Do what you want to do, don't worry about what other people think or say to you, easier said than done I know.

I love being snuggled up with my DD in bed now and then, couldn't stand it every night though.

I think the only down side to co-sleeping is your sex life, or lack of Grin. Bit hard on the hubbies I think.
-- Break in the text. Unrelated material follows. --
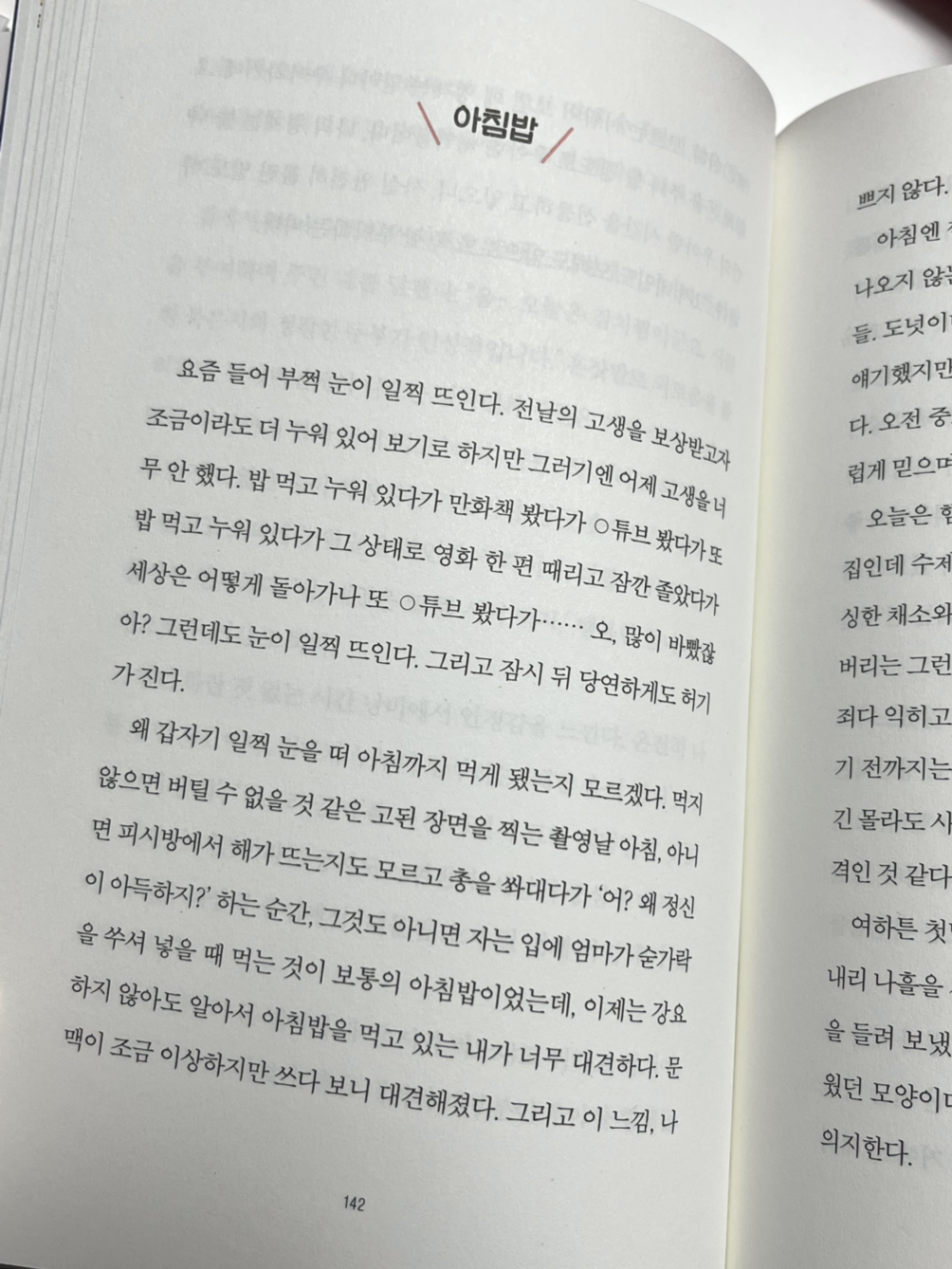 (+) 2주간 배달의민족에서 출간한 <요즘 사는 맛>을 읽으며 짧은 한 끼 단상을 적는 밑미 리추얼에 참여하게 되었어요. 오늘 읽은 #요즘사는맛 한 챕터는 박정민 배우님의 <아침밥>. 저와는 극과 극인 탄수화물러스한 아침 식사를 하는 습관이 재미있었네요. 그리고 ‘자식의 아침밥’에 대한 엄마들의 걱정은 역시 다 비슷하구나 하는 생각도 했어요. 잘 챙겨 먹는 걸로라도 효도해야지! (이미 불효녀)

spidermama · 27/02/2006 15:23

I find the best way to deal with the opinions of others is to not give a flying toss what they think. Grin

purplemonkeydishwasher · 27/02/2006 15:37

\link{http://www.lalecheleague.org/FAQ/cosleep.html\This} made me feel better about cosleeping

purplemonkeydishwasher · 27/02/2006 15:37

oh yeah and don't tell MIL, it's not worth the bother. (What's with MIL's anyway?!!)

saadia · 27/02/2006 16:04

We still co-sleep with ds1 (4) but are going to try and get him into his own bed as it's now a struggle to get him and ds2 to go to sleep (started various threads on this).

Ds2 (2) sleeps in his cot but sometimes comes into the bed with us. TBH I think that both dh and I secretly love this arrangement and will be a little bit sad when it ends, even though we do think ds1 should be sleeping on his own by now.

Hattie05 · 27/02/2006 16:11

I started out as you, with the intention for dd to sleep in a cot, but she NEVER liked it and often slept in our bed.

Then once she got a 'big girls' bed she has loved going to sleep by herself in it. But always wakes at some point (anywhere between 1 and 6am) and climbs in with us.
I love this because it means we get the first part of the night in bed alone Wink she goes straight back to sleep and we all enjoy a big cuddle in the morning.

Absolutely anyone who knows this, will role their eyes, sigh and say when is she going to learn to sleep in her own bed.

I simply reply - but i like her sleeping in our bed why would i change it?

It is very difficult to not let these comments get to me and i have in the past doubted my own decisions, but i am finding the older dd gets the more i can stand up for myself iykwim! dd is 3 btw.